In the material below, begin at the line that has "Asoka Haelyn - Loose", stop after the line that has "The exterior is", and transcribe those lines exactly, without pictures.
(DATA FOR PROCESSING begins)
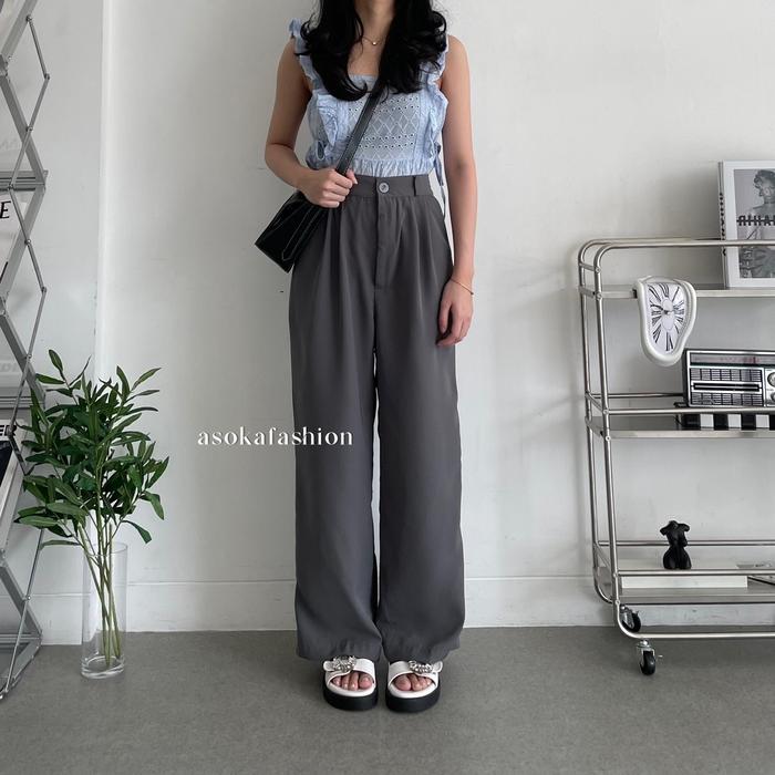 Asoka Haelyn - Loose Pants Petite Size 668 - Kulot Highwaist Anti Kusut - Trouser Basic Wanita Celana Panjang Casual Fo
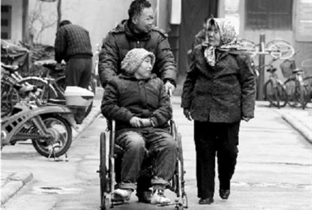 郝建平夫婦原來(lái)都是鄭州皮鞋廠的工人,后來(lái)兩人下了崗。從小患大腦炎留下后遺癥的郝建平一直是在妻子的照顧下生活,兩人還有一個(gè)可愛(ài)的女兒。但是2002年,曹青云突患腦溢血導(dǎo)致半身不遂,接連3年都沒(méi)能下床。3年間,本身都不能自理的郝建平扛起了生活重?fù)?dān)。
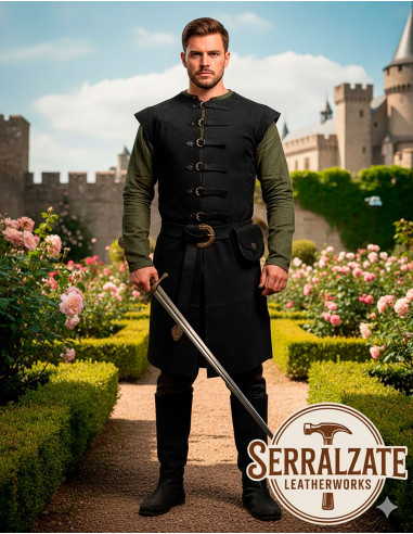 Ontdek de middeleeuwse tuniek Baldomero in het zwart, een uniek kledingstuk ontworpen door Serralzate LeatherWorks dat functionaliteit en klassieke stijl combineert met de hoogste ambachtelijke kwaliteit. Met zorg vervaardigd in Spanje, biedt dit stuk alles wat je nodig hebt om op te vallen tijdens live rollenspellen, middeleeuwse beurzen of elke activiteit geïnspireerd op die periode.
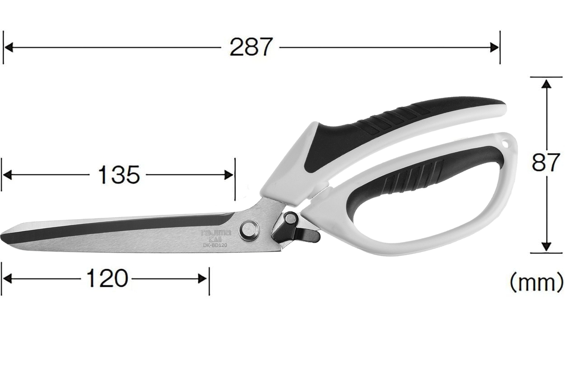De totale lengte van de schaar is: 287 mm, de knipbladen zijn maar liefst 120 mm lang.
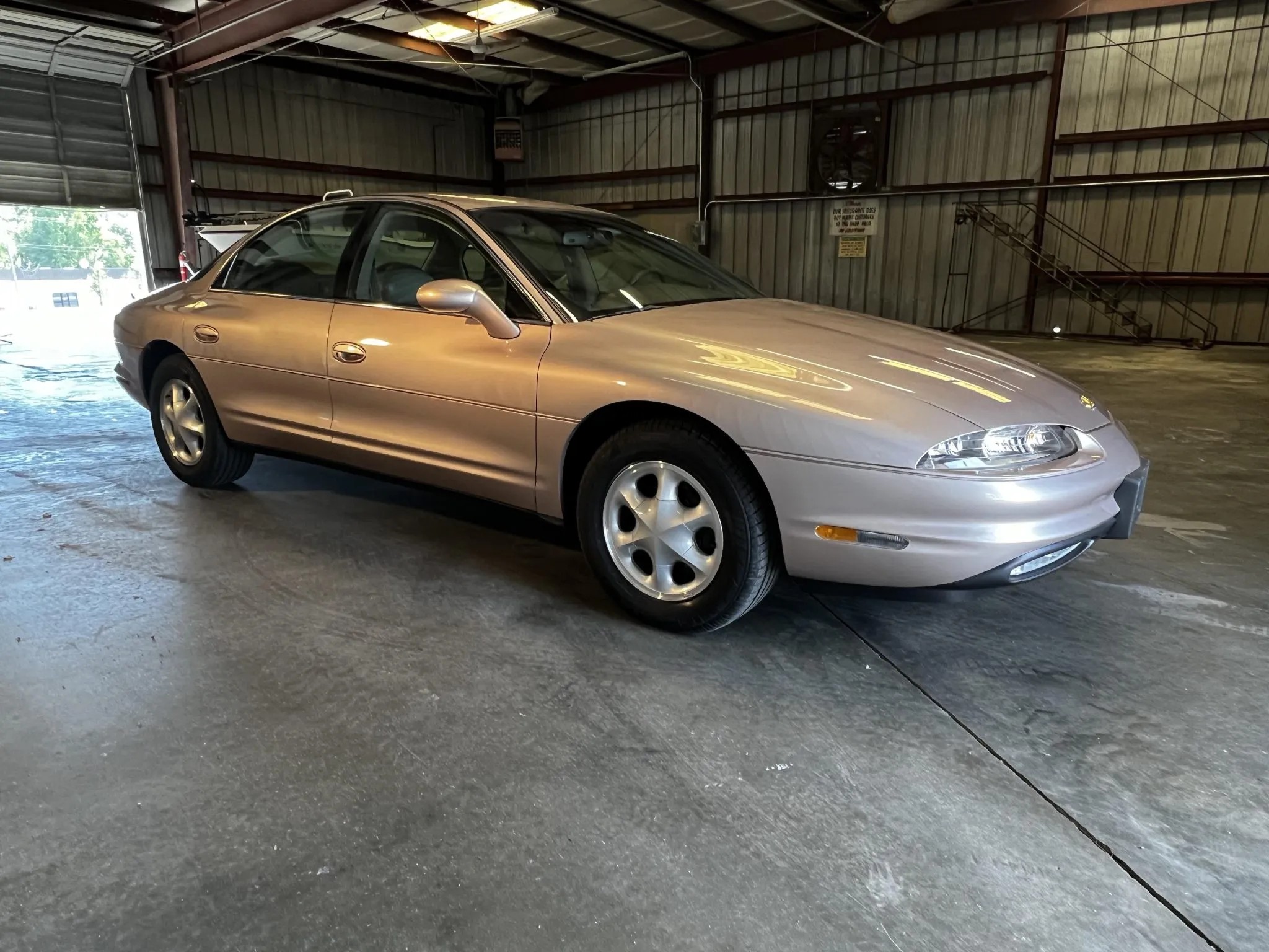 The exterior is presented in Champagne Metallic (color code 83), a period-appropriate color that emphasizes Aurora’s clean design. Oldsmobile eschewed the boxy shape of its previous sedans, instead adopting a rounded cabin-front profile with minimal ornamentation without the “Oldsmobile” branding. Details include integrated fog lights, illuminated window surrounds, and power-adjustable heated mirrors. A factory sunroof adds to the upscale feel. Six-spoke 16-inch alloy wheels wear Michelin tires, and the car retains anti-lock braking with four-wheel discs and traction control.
(DATA FOR PROCESSING ends)
(DATA FOR PROCESSING begins)
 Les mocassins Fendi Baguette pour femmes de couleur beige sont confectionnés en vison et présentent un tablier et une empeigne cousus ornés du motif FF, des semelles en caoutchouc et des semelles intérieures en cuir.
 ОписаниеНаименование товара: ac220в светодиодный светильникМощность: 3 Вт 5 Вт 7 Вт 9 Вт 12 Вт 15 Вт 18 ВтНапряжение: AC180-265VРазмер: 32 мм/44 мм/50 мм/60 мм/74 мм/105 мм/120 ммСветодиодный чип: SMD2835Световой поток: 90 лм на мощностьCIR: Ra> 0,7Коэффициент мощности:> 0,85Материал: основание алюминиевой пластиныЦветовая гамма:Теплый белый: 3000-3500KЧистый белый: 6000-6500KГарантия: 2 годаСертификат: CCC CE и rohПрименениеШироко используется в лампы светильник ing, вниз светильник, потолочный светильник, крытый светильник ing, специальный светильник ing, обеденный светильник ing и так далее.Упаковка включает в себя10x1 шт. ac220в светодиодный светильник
(DATA FOR PROCESSING ends)
_SOLUTION FOR THIS PROBLEM:_
 Asoka Haelyn - Loose Pants Petite Size 668 - Kulot Highwaist Anti Kusut - Trouser Basic Wanita Celana Panjang Casual Fo
 郝建平夫婦原來(lái)都是鄭州皮鞋廠的工人,后來(lái)兩人下了崗。從小患大腦炎留下后遺癥的郝建平一直是在妻子的照顧下生活,兩人還有一個(gè)可愛(ài)的女兒。但是2002年,曹青云突患腦溢血導(dǎo)致半身不遂,接連3年都沒(méi)能下床。3年間,本身都不能自理的郝建平扛起了生活重?fù)?dān)。
 Ontdek de middeleeuwse tuniek Baldomero in het zwart, een uniek kledingstuk ontworpen door Serralzate LeatherWorks dat functionaliteit en klassieke stijl combineert met de hoogste ambachtelijke kwaliteit. Met zorg vervaardigd in Spanje, biedt dit stuk alles wat je nodig hebt om op te vallen tijdens live rollenspellen, middeleeuwse beurzen of elke activiteit geïnspireerd op die periode.
De totale lengte van de schaar is: 287 mm, de knipbladen zijn maar liefst 120 mm lang.
 The exterior is presented in Champagne Metallic (color code 83), a period-appropriate color that emphasizes Aurora’s clean design. Oldsmobile eschewed the boxy shape of its previous sedans, instead adopting a rounded cabin-front profile with minimal ornamentation without the “Oldsmobile” branding. Details include integrated fog lights, illuminated window surrounds, and power-adjustable heated mirrors. A factory sunroof adds to the upscale feel. Six-spoke 16-inch alloy wheels wear Michelin tires, and the car retains anti-lock braking with four-wheel discs and traction control.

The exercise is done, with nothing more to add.